As genotype-phenotype associations progress, it is expected that it will be possible to predict what symptoms will occur depending on the deletion location and its size. This is expected to contribute not only to elucidating the cause of Albright syndrome-like metacarpal and mid-crus shortening and developing treatment methods, but also to elucidating other important genetic diseases. In particular, the 2q37.3 region is thought to contain candidate genes related to the onset of autism spectrum disorder, and can be said to be an important genomic region. The minimum deletion interval of 240.1-242.2 Mb is known to cause autism spectrum disorder, hyperkinetic behavior, and epilepsy, and contains at least 29 genes, including axonal transporters of synaptic vesicles. Interestingly, this 2.1 Mb deletion interval overlaps with the minimum deletion interval for eczema (1.5 Mb). In recent years, although it has not yet been proven, it has been suggested that autism spectrum disorders and atopic dermatitis are related, and if this hypothesis is true, the overlap of the deletion interval seems reasonable from the perspective of genotype-phenotype. As such, since deletions in the 2q37 region have been observed to cause a variety of symptoms, more detailed analysis may elucidate the relationship between unexpected diseases. If this happens, we can expect further development of approaches such as the development of completely new treatments as well as repurposing of existing drugs and treatments.
Summary
This article explains Albright syndrome-like metacarpal and midfoot shortening, a genetic disease caused by a deletion in the genomic region, with a deletion in 2q37. Because it is a very rare disease, many aspects remain unknown, and it is expected that in the future, the latest genetic techniques will be actively adopted to analyze the molecular biological mechanism of the disease and correlate genotype-phenotype. It is expected that such information will also lead to developments in the mechanisms, diagnosis, and treatment of other genetic diseases.

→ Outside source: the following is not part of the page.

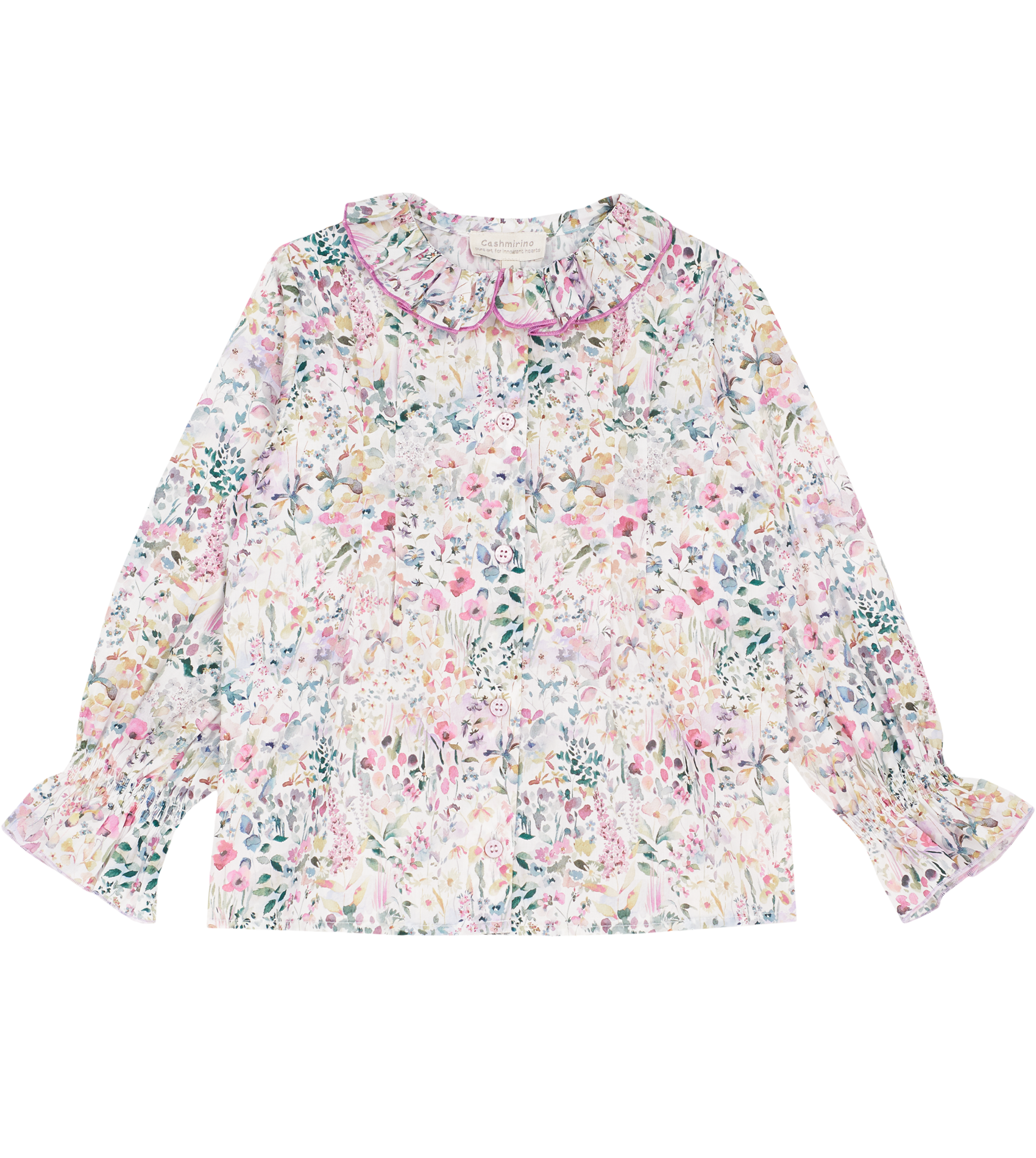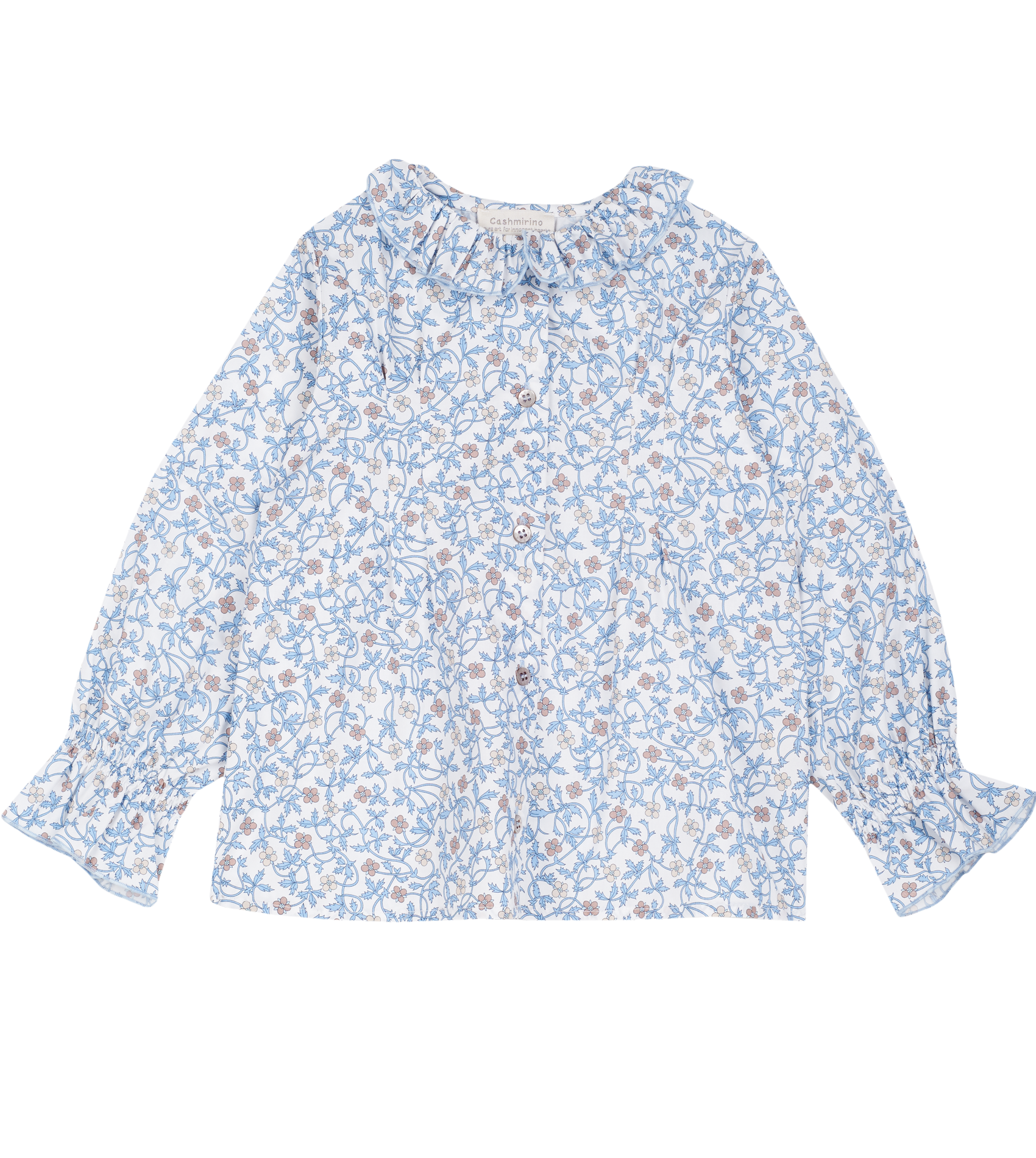 Capture the liberty of this stylish girl blouse made from 100% cotton with a ruffle collar, ruffle long sleeves and pleats on the top chest. Signature Cashmirino buttons on the front.

At Hiro Clinic NIPT , we also perform tests for partial deletions and duplications of all autosomal regions, which are conditions that involve deletions or duplications in parts of chromosomes. Please consider doing this in conjunction with whole chromosome testing.
Footnote
- (*1) De novo mutation: This is a type of mutation that is not genetically inherited from a parent, but rather occurs de novo in an individual. It is also called a new mutation.
- (*2) HDAC4 gene: A gene that codes for histone demethylase (HDAC4). It is thought to play an important role in inducing differentiation of fibroblasts into myoblasts by transforming growth factor β1 (TGF-β1).
- (*3) Albright hereditary osteodystrophy-like syndrome: This is specifically called when physical and intellectual developmental disorders, brachydactyly, short stature, and obesity are observed simultaneously.
- (*4) Karyotyping: Karyotype analysis using band patterns characteristic of chromosomes. There are Q-band analysis using Hoechst dye and G-band analysis using Giemsa staining, and these can be used to easily identify chromosomes and determine ploidy, translocations, etc. from the chromosome structure.
Article Editorial Supervisor
Dr. Shun Mizuta
Head Doctor, Hiro Clinic NIPT Okayama
Board Certified Pediatrician, Japan Pediatric Society
As a pediatrician, he has been engaged in community medicine in Okayama Prefecture for nearly 30 years.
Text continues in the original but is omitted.